O caso de Coimbra ilustra bem esta realidade nacional. O município elaborou um Plano Ciclável, mas, sem acesso a verbas específicas (nacionais ou europeias), a sua concretização é forçosamente lenta. Em contrapartida, foi possível obter financiamento comunitário para a Ciclovia do Mondego, uma ecopista de 44 km entre Coimbra, Montemor-o-Velho e Figueira da Foz, num investimento de 3,5 milhões de euros. Esta está, naturalmente, a avançar.

Isto levanta uma questão fundamental: são importantes as ciclovias intermunicipais? Sim, para lazer e turismo. Mas, se queremos promover a mobilidade ativa e atingir metas ambientais, as prioridades devem ser outras: criar redes urbanas cicláveis, extensas, conectadas e seguras. Contudo, o que está a ser feito é o oposto: constrói-se aquilo para o qual há financiamento, mesmo que isso não seja o mais prioritário. Por outro lado, imagine-se que o mesmo investimento poderia ser aplicado dentro das cidades envolvidas. Estaríamos a dar os primeiros passos para uma verdadeira rede urbana de mobilidade ativa.

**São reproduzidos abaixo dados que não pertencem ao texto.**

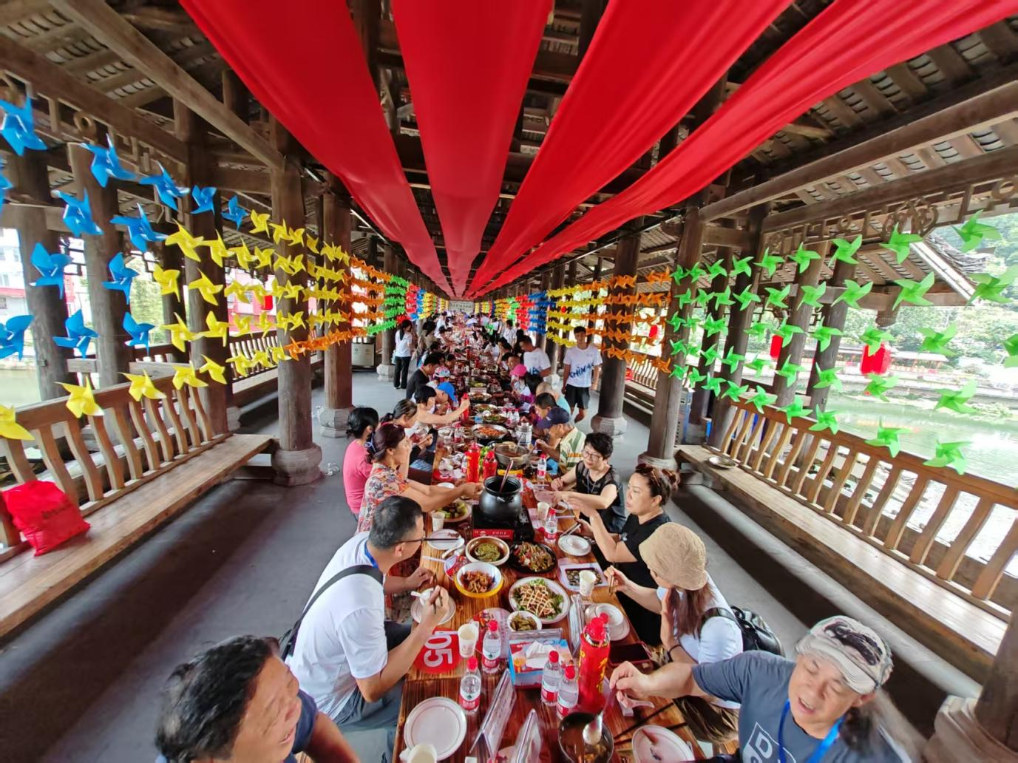 游客在体验长桌宴。资源县融媒体中心供图

Passemos ao segundo exemplo: os sistemas metrobus, que estão a surgir em várias cidades, com destaque para Coimbra. Trata-se de um projeto de grande complexidade, com impacto muito para além da mobilidade, que se estende ao desenvolvimento urbano, à sustentabilidade e à qualidade de vida.

As obras são promovidas pela Infraestruturas de Portugal, cabendo à sociedade Metro Mondego a contratação dos veículos e dos sistemas técnicos. A Câmara Municipal tem o papel de garantir que as intervenções servem o interesse público local.
Durante os preparativos, verificou-se que, sob o traçado do metrobus, existiam condutas de água e coletores de saneamento e drenagem que, dentro de poucos anos, precisariam de obras. Em vez de intervir mais tarde, com custos e prejuízos agravados, as entidades envolvidas articularam-se para antecipar essas obras e realizá-las antes da construção do canal do metrobus.

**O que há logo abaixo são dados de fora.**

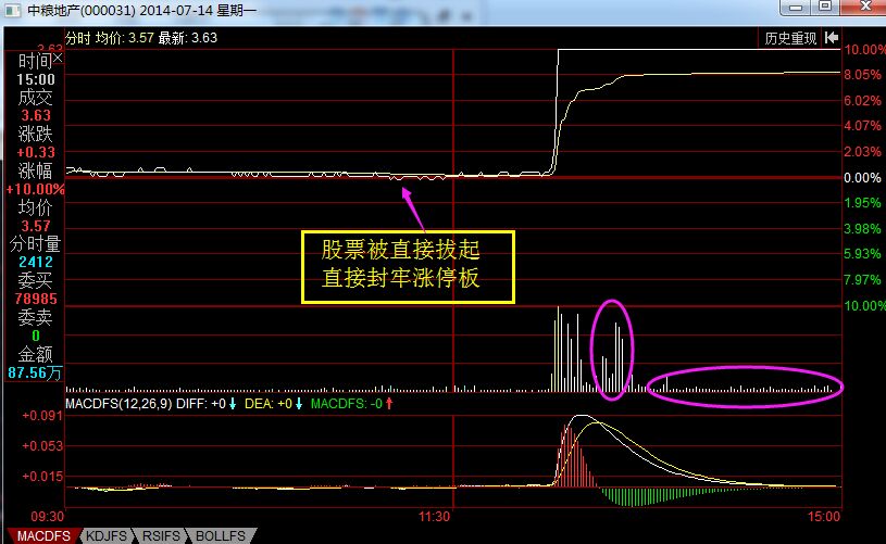 中糧地產(chǎn)在2014年7月14日的分時圖中,無盤之后,市場就傳出了這只股有重組的預(yù)期,隨后,該股就出現(xiàn)了旱地拔蔥的直線封板走勢,而且在封上漲停板之后,個股直接封牢,在沒有進(jìn)行開盤。

É um exemplo raro – mas valioso – de bom planeamento, com cooperação institucional e visão de longo prazo. Naturalmente, isto implicou adiar, em cerca de um ano, a entrada em funcionamento do sistema (a que acresce outro ano, devido a imprevistos de obra e contestação dos concursos públicos). Ainda assim, pesando tudo, foi uma decisão acertada. Estes dois casos mostram realidades distintas. No primeiro, temos uma estratégia bem definida, mas sem meios de implementação. No segundo, vemos um projeto estruturante que, usufruindo de planeamento e coordenação, adiou benefícios de curto prazo a bem de ganhos maiores no futuro.

A resposta à pergunta inicial, ao invés do planeamento, parece residir no financiamento e na falta de alinhamento com os objetivos a atingir. Não são as estratégias, os planos e as prioridades neles estabelecidas que ditam a ação, mas sim a existência (ou ausência) de fundos para a executar. A esta questão acresce a pressa com que se decide e se implementa quando o prazo dos fundos de financiamento se começa a aproximar. Vejamos o que vai acontecer com o PRR. Em suma, em Portugal, em vez de planearmos para agir, seguindo prioridades estratégicas, agimos em função das oportunidades financeiras. Será boa política?